Dionys Mascolo, 1916-1997, erstwhile philosophy student. He never took the examination, but wanted to be an intellectual. Mascolo finds a position doing odd-jobs for Gallimard, because of his college friend Michel Gallimard. Duras offers him a job with the Paper Allocation Agency. He will read manuscripts with her. From their first meeting, in November 1942, it is love. At this time, he lives with his mother.

Robert Antelme, 1917-90. Said by all to be an extraordinary man. Arrives in Paris in 1936. Studies Law. He meets Duras in the late 1930s, in 1938, I think. They fall in love. He is called up in 1938. They marry in September 1939 (Duras proposed). At the end of 1940, they move into 5 rue Saint-Benoît.

Duras and Antelme’s flat, 1943. They are married, and have become active in the Resistance (the MNPGD group). François Mitterand, the future president, lives for a while in the back bedroom. So, too, does Jacques Benet (an old schoolfriend of Antelme). Dionys Mascolo, Duras’s lover, visits everyday. Antelme has a lover too. Mascolo edits Combat, the Resistance magazine, working with Camus. He meets Edgar Morin at this time. With a few others, they form an irregular force, ready for action. They often meet in Antelme’s sister’s flat – this is Marie-Louise, who will die at Ravensbrück to whom The Human Race will be dedicated. Robert Antelme and then Marie-Louise are captured …
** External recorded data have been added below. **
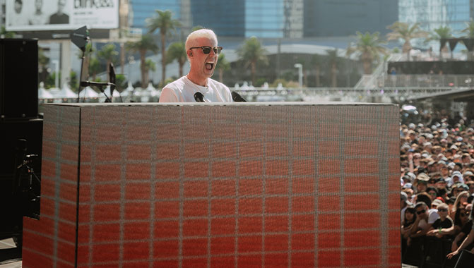 LAS VEGAS – (November 15, 2023) – Christie® MicroTiles LED® took the stage with Something Corporate during the band’s headlining reunion show at Las Vegas’ House of Blues on October 20, and their main stage performances at the Las Vegas Festival Grounds on October 21 and 22 as part of the When We Were Young festival. Vocalist and pianist Andrew McMahon performed on a piano fully wrapped in Christie MicroTiles LED, which displayed images and lyrics from the band’s beloved catalog. Kevin “Clutch” Page, principal, Procraft Media, who is also the bassist in Something Corporate, led the integration of this one-of-a-kind project.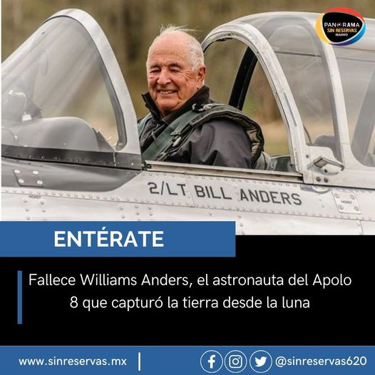 #Entérate | El astronauta del Apolo 8, Williams Anders, reconocido por capturar la emblemática imagen de la Tierra desde la Luna, falleció hoy a los 90 años mientras pilotaba su avión.
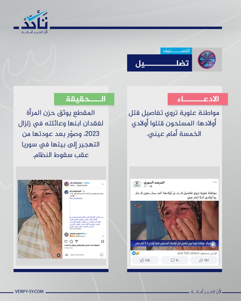 وكان الفيديو قد أظهر سيدة تبكي وتروي فقدها لأبنائها الخمسة، وادعى ناشروه أنه يوثق جريمة طائفية خلال ما سُمي بـ”الإبادة في الساحل”، إلا أن تحقيق “تأكد” أثبت أن الفيديو يعود للعام 2023، ويوثق لقاءً مع السيدة “أم عمار” من بلدة الحفة بريف اللاذقية، والتي فقدت ابنها وزوجته وأطفاله الثلاثة في الزلزال الذي ضرب جنوب تركيا وشمال سوريا، بعد تهجيرها إلى تركيا عام 2012.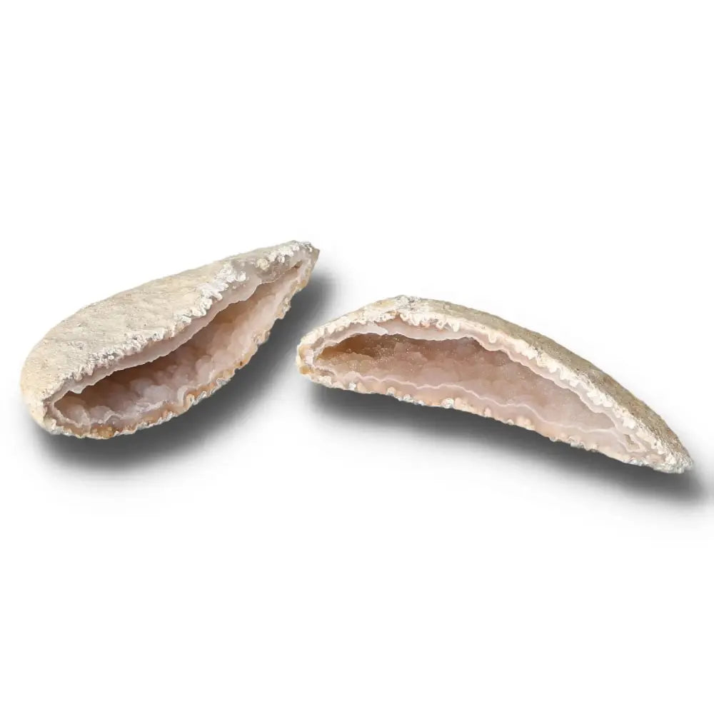 Enhance your sanctuary with the Natural Agate Geode Pair and let Sylvia Crystals guide you on a transformative journey of inner peace and aesthetic delight.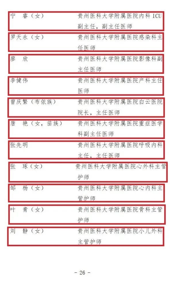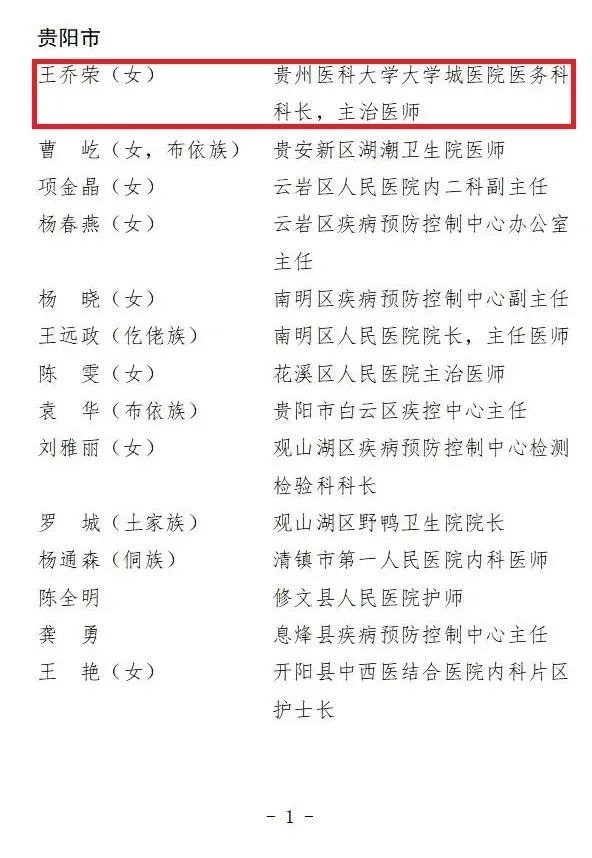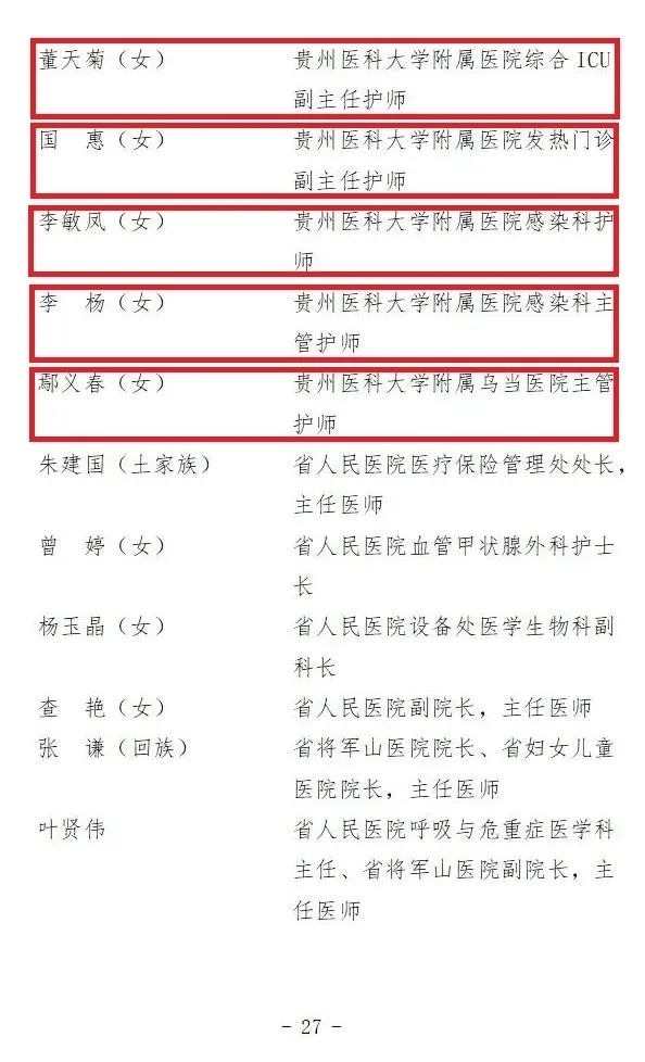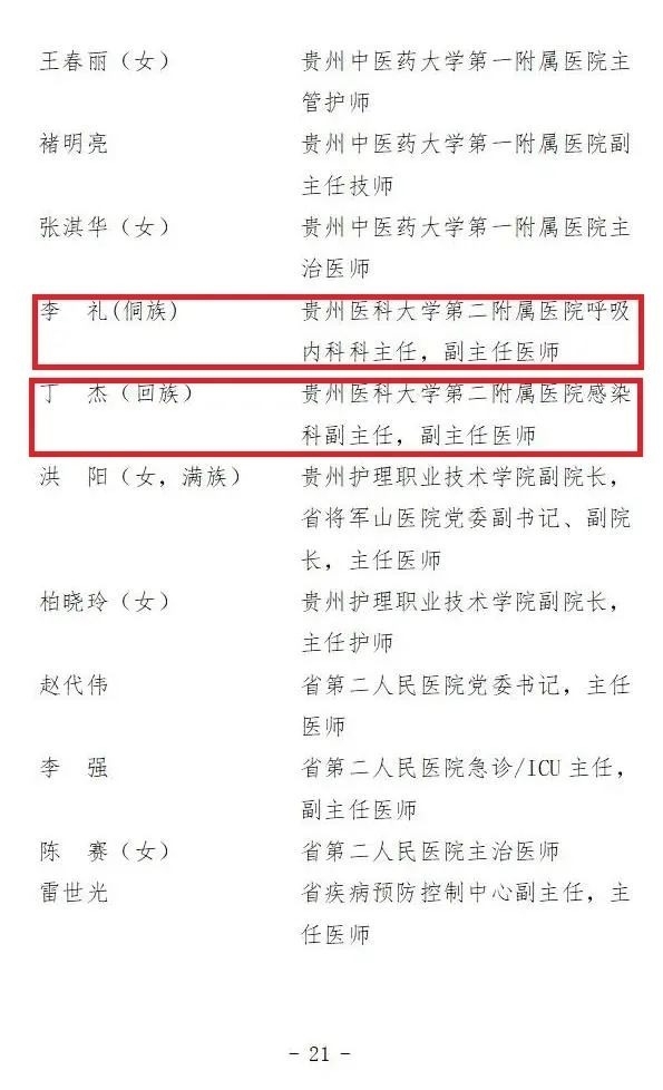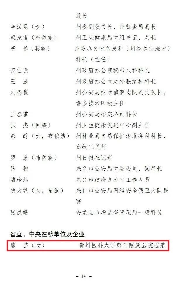 贵州省抗击新冠肺炎疫情先进个人名单

Duras waits for Robert’s return. Mascolo is with her. She is thin, lethargic. She is writing the pages eventually published as La Douleur (The War). Then, in May 1945, Robert is identified at Dachau. Mascolo and Beauchamp, another member of the Resistance, drive there. They bring him back to Paris. He is starving, on the brink of death. In the car, Robert talks and talks. A famous sentence, said to Mascolo: ‘When anyone talks to me of Christian charity, I shall say Dachau’.

They are all there at the flat to meet Robert Antelme. A doctor used to the effects of famine treats Robert, giving him serum first of all, and then introducing him gradually to food. By the end of June, he is recovered.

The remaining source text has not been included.